Below are some records. Output the lines from the first one through the line that holds "Flare Facing Left", exactly as written, with no pictures.

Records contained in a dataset
☆ ☆ ☆ ☆ ☆ ☆ ☆

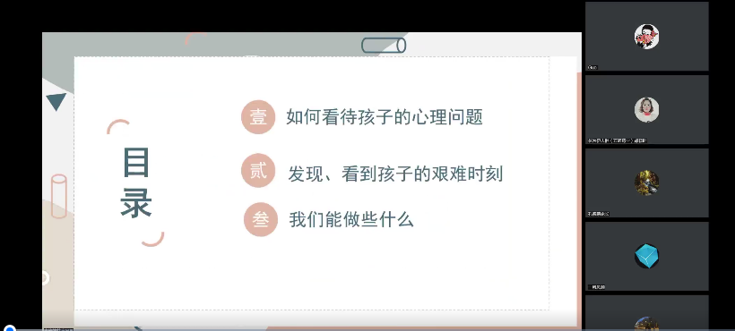 每个孩子都有可能遇到心理问题,那我们应该如何去看待孩子的心理问题。我们怎么能够发现孩子是否处于艰难的时刻,那如果我们的孩子有这样的一个艰难的时刻呢?我们能做些什么?李静老师以校园中真实案例为切入,围绕以上三个问题作了详细阐述,从专业的角度和家长们介绍了孩子处于各个阶段的心理特点、心理发展需要、可能出现的心理危机,并结合案例将相关理论知识和处理方法讲解得生动易懂。作为家长,一方面要认识到孩子心理发展的阶段性,尊重孩子的自我意识;另一方面要经营好自己的生活,加强学习,与时俱进,找到自己的归属感与价值感,同时也要学会正确地表达爱,适时以共情、一致型的方式与孩子沟通,给予孩子充分的理解和关怀,做彼此最坚强的后盾。最后,李静老师就家长们提出的问题做了解答,为家长们提供了解决问题的思路和办法,获得了家长们的广泛好评。
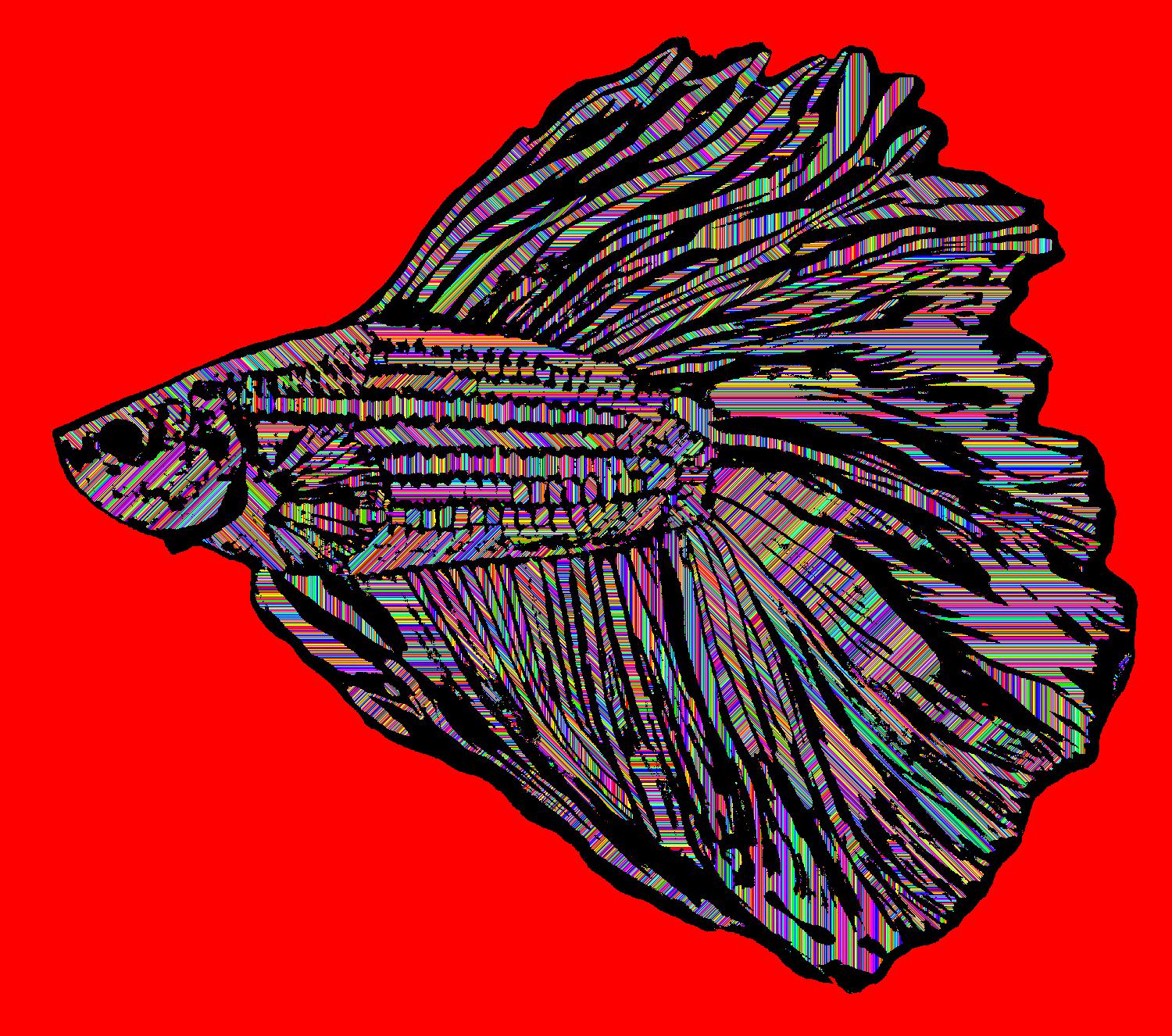 Flare Facing Left With Black Outline On Solid Red Background With Stripe Pattern.
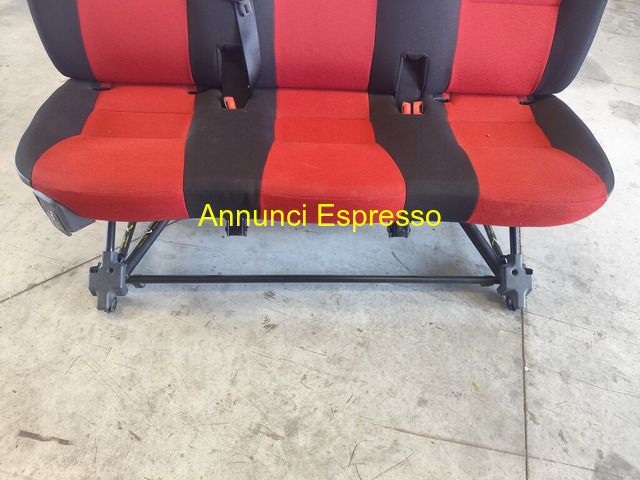 Interni Fiat Ducato panorama fiat ducato 9 posti sedili prezzo EUR.370,00 Spedizione No Sedile posteriore per auto, tre posti, rivestimento in tessuto rosso e nero, con poggiatesta e cinture di sicurezza. Buone condizioni. Cesena (FC)
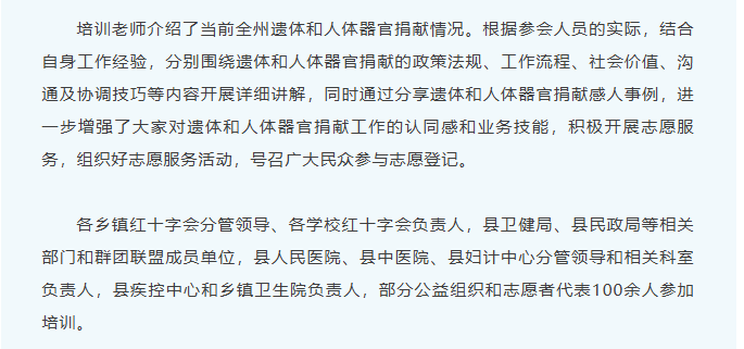 巍山县召开遗体和人体器官捐献工作专题培训会议
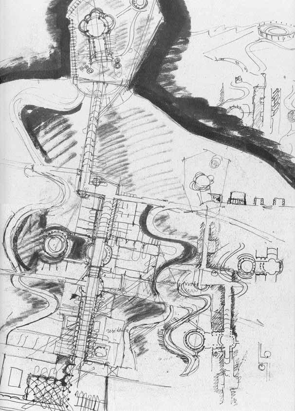 component and he wrote the words: “Here one either practices Agàpe or one dies” on the back of a photograph of the construction site. For Ricci, barely twenty-eight years old at the time, Agàpe was a ray of light and of hope in a world devastated by war; a place for creating a different vision of humanity and a symbol of integration.58 He responded to his first important creative task by reducing the number of his plans and drawings to a bare minimum and actively participating in the work on the construction site. He now expressed his ideas in rather naïve simple sketches.59 Michelucci’s message can be discerned in this approach, with its mistrust in rigid plans or designs that can be restrictive or detrimental to real living requirements, which are constantly changing and evolving. Working directly on the building site clearly represents an attempt to adapt to the needs of the future inhabitants. Ricci thus engaged in endless experimentation, during which he began to discover and express his own radically new approach to architecture, so much so that the construction process of the community was reported in many foreign magazines.60 Construction methods were empirical and artisanal, favoring the use of local materials. The stones were chosen, cut, and brought to the site by its future inhabitants, their colleagues, and their friends in a spontaneous and
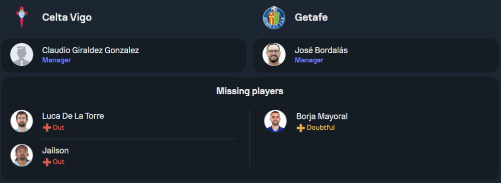 ฝั่งทีมเยือน เกตาเฟ่ กุนซือ โฆเซ่ บอร์ดาลาส ต้องขาดกองหน้าอย่าง บอร์ฆา มาโยรัล ที่ยังไม่ฟิตเต็มที่ แต่ผู้เล่นรายอื่นไม่มีปัญหาบาดเจ็บเพิ่มเติม คาดว่าจะใช้ระบบ 4-2-3-1 โดยมี เบอร์ตู ยิลดิริม เป็นตัวเป้าหมายในแนวรุก
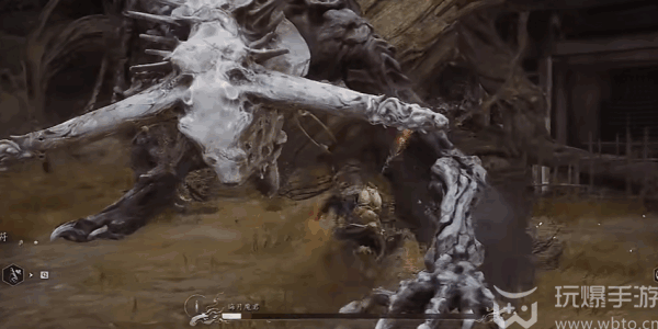 3、当他跳起来时,直接躲开并朝外围走,然后趁落地空档输出伤害(hai),不断地跑到他的脚后方或侧边进行输出,不要站在头部附近(fujin)。
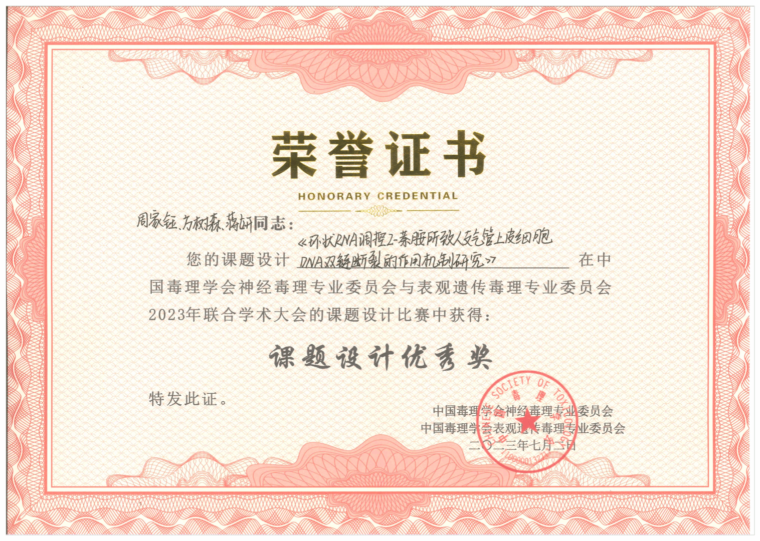 为提升青年学者的科研创新能力,激励广大学生的探索精神,会议设立了以博士和硕士研究生为主体的课题设计创新大赛。会议学术委员会从全国提交的参赛稿件中,遴选了20项高质量作品参加会议现场汇报答辩。答辩以现场即时公布专家评分及得分排序的方式,评选出10项优秀课题设计奖。肉漫屋 周家钰同学汇报和答辩的项目“环状RNA调控2-萘胺所致人支气管上皮细胞DNA双链断裂的作用机制研究”获优秀课题设计奖,是唯一的本科生获奖项目。该课题设计项目由周家钰、方树森和蒋妍三位本科生共同完成,受广州医科大学2022年学生创新能力提升计划项目资助。

☆ ☆ ☆ ☆ ☆ ☆ ☆

Exercise response:
 每个孩子都有可能遇到心理问题,那我们应该如何去看待孩子的心理问题。我们怎么能够发现孩子是否处于艰难的时刻,那如果我们的孩子有这样的一个艰难的时刻呢?我们能做些什么?李静老师以校园中真实案例为切入,围绕以上三个问题作了详细阐述,从专业的角度和家长们介绍了孩子处于各个阶段的心理特点、心理发展需要、可能出现的心理危机,并结合案例将相关理论知识和处理方法讲解得生动易懂。作为家长,一方面要认识到孩子心理发展的阶段性,尊重孩子的自我意识;另一方面要经营好自己的生活,加强学习,与时俱进,找到自己的归属感与价值感,同时也要学会正确地表达爱,适时以共情、一致型的方式与孩子沟通,给予孩子充分的理解和关怀,做彼此最坚强的后盾。最后,李静老师就家长们提出的问题做了解答,为家长们提供了解决问题的思路和办法,获得了家长们的广泛好评。
 Flare Facing Left With Black Outline On Solid Red Background With Stripe Pattern.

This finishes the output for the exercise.